WHAT IS NEEDED -
Using the data that follows, output only the lines from the line with "Calender Month |" up to and including the line with "Handmade 16 pieces", exactly, leaving pictures aside.

DATA EXTRACT -
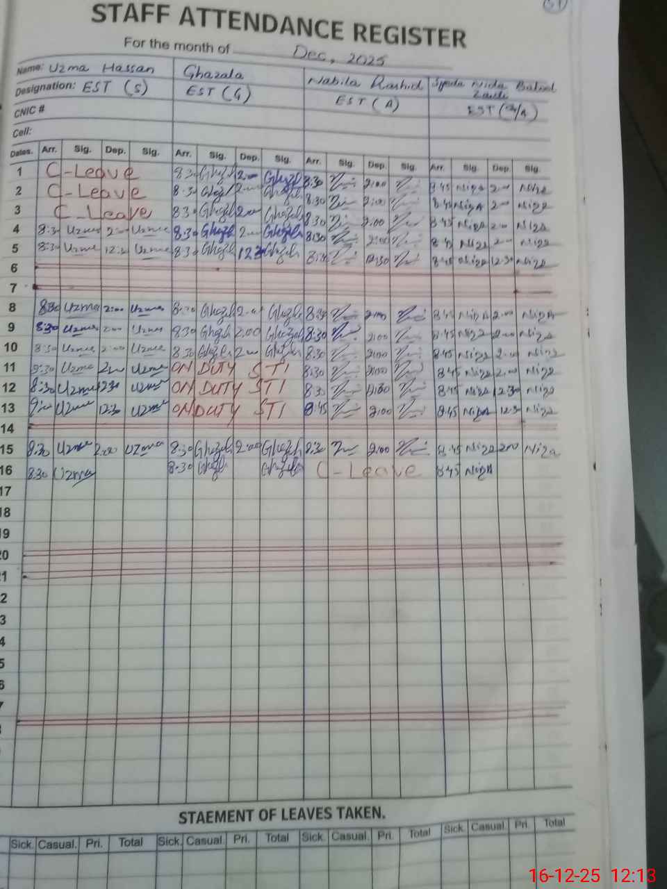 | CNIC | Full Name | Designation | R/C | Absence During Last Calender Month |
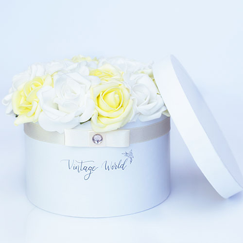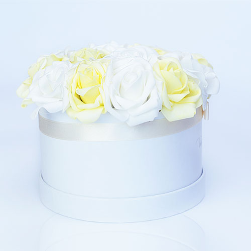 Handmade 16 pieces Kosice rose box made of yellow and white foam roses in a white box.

--

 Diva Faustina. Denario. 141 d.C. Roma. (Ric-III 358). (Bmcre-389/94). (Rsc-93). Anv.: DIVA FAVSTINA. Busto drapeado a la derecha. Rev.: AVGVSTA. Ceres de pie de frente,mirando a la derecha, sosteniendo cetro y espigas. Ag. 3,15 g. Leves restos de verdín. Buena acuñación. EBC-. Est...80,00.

---

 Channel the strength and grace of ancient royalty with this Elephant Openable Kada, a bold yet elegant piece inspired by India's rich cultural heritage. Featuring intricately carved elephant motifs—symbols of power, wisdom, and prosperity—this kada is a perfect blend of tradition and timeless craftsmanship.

YOUR SOLUTION -
 | CNIC | Full Name | Designation | R/C | Absence During Last Calender Month |
 Handmade 16 pieces Kosice rose box made of yellow and white foam roses in a white box.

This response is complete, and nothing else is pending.